ObjBlur: A Curriculum Learning Approach With Progressive Object-Level Blurring for Improved Layout-to-Image Generation
Stanislav Frolov, Brian B. Moser, Sebastian Palacio, Andreas Dengel
TL;DR
ObjBlur introduces a novel curriculum learning strategy for layout-to-image generation that progressively blurs objects or the background according to a per-sample schedule $s(t)$, guiding models from easy to hard visual signals without architectural changes. By modulating blur strength across training, ObjBlur stabilizes training, reduces variance across runs, and achieves state-of-the-art results on COCO-Stuff and Visual Genome across GAN and diffusion backbones. The method is simple to implement via the data loader and is compatible with existing layout-to-image models, including diffusion-based approaches, offering meaningful gains in global image fidelity (FID), object fidelity (SceneFID), and classifier-based object recognizability (CAS).
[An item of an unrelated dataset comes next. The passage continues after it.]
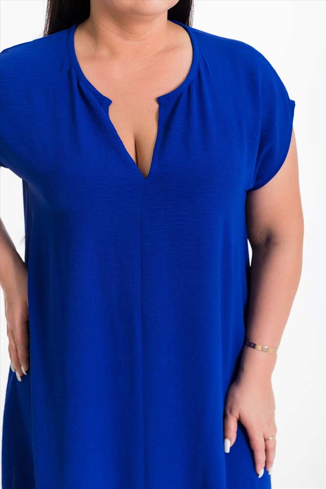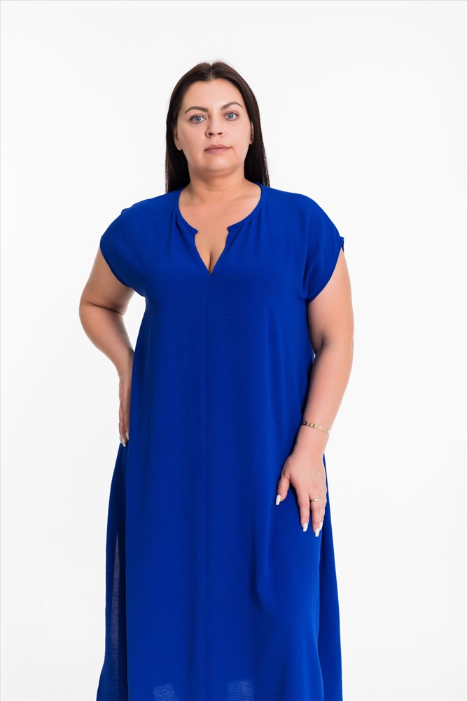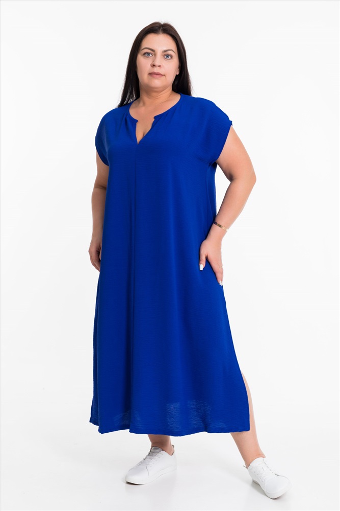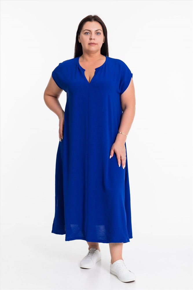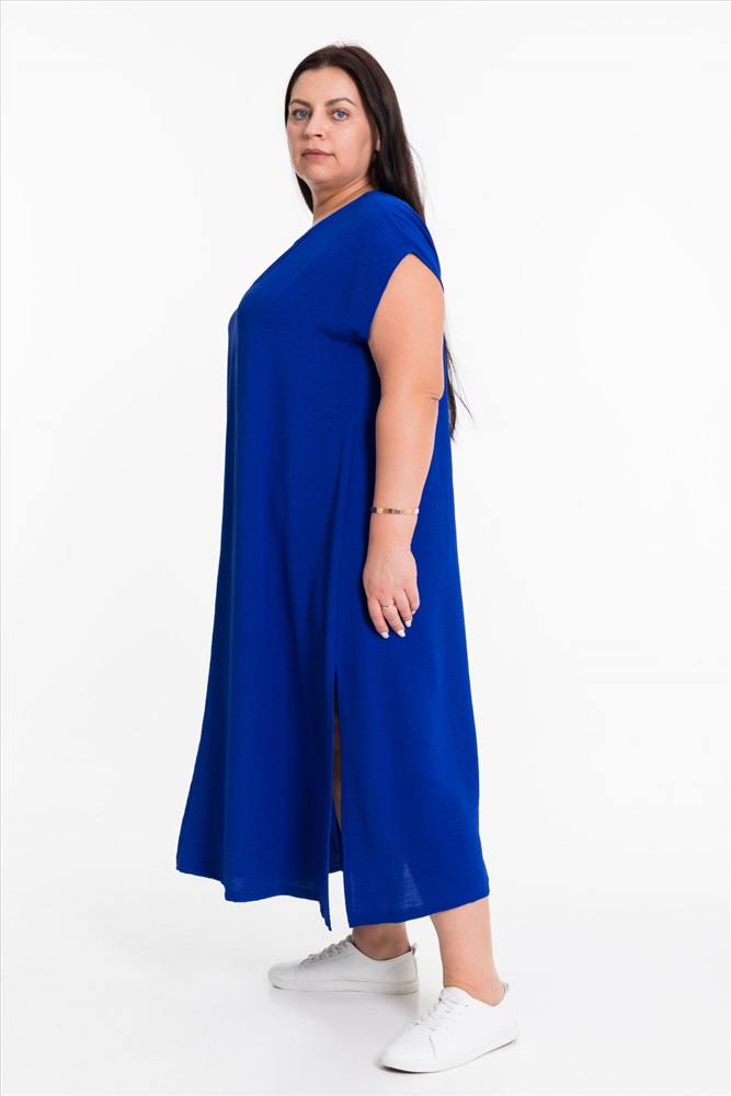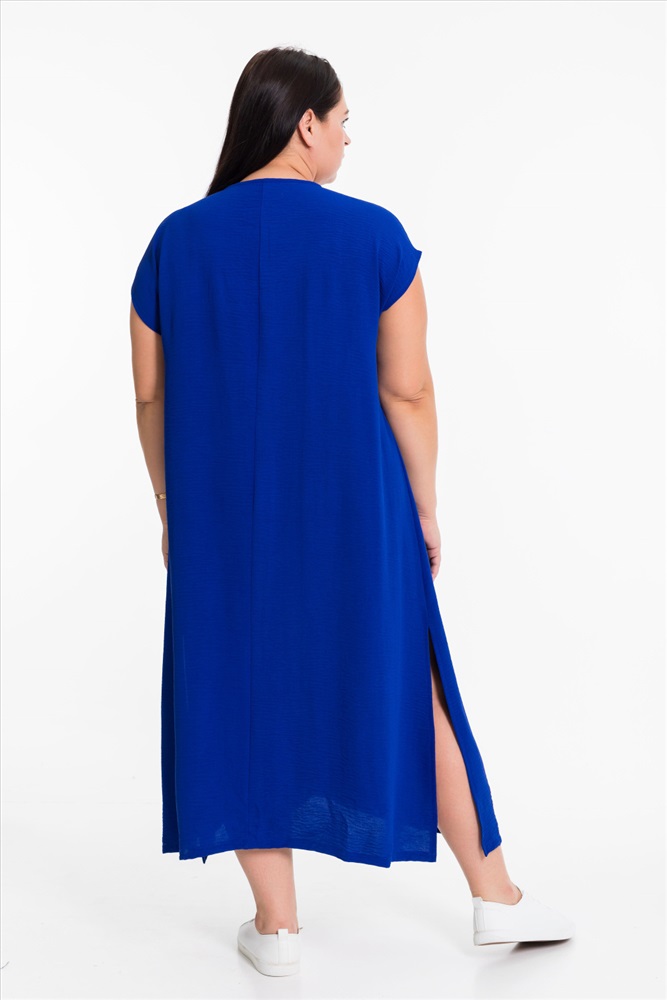 Тип длинны (для платьев): Миди Вид ткани: Манго Сезон: Летний Состав: Полиэстер 100% Цвет Номенклатуры: васильковый Платье выполнено из полотна "манго". Платье свободного силуэта, удлинённое, со спущенной линией плеча и декоративными разрезами по бокам снизу. Комментарии к товару

The findings demonstrate the potential of curriculum learning in generative vision, enabling more reliable training and higher-quality image synthesis from structured layouts. Practical impact includes improved layout-to-image pipelines for complex scenes and a pathway to further explore curriculum-based augmentations in generative modeling.
Abstract
We present ObjBlur, a novel curriculum learning approach to improve layout-to-image generation models, where the task is to produce realistic images from layouts composed of boxes and labels. Our method is based on progressive object-level blurring, which effectively stabilizes training and enhances the quality of generated images. This curriculum learning strategy systematically applies varying degrees of blurring to individual objects or the background during training, starting from strong blurring to progressively cleaner images. Our findings reveal that this approach yields significant performance improvements, stabilized training, smoother convergence, and reduced variance between multiple runs. Moreover, our technique demonstrates its versatility by being compatible with generative adversarial networks and diffusion models, underlining its applicability across various generative modeling paradigms. With ObjBlur, we reach new state-of-the-art results on the complex COCO and Visual Genome datasets.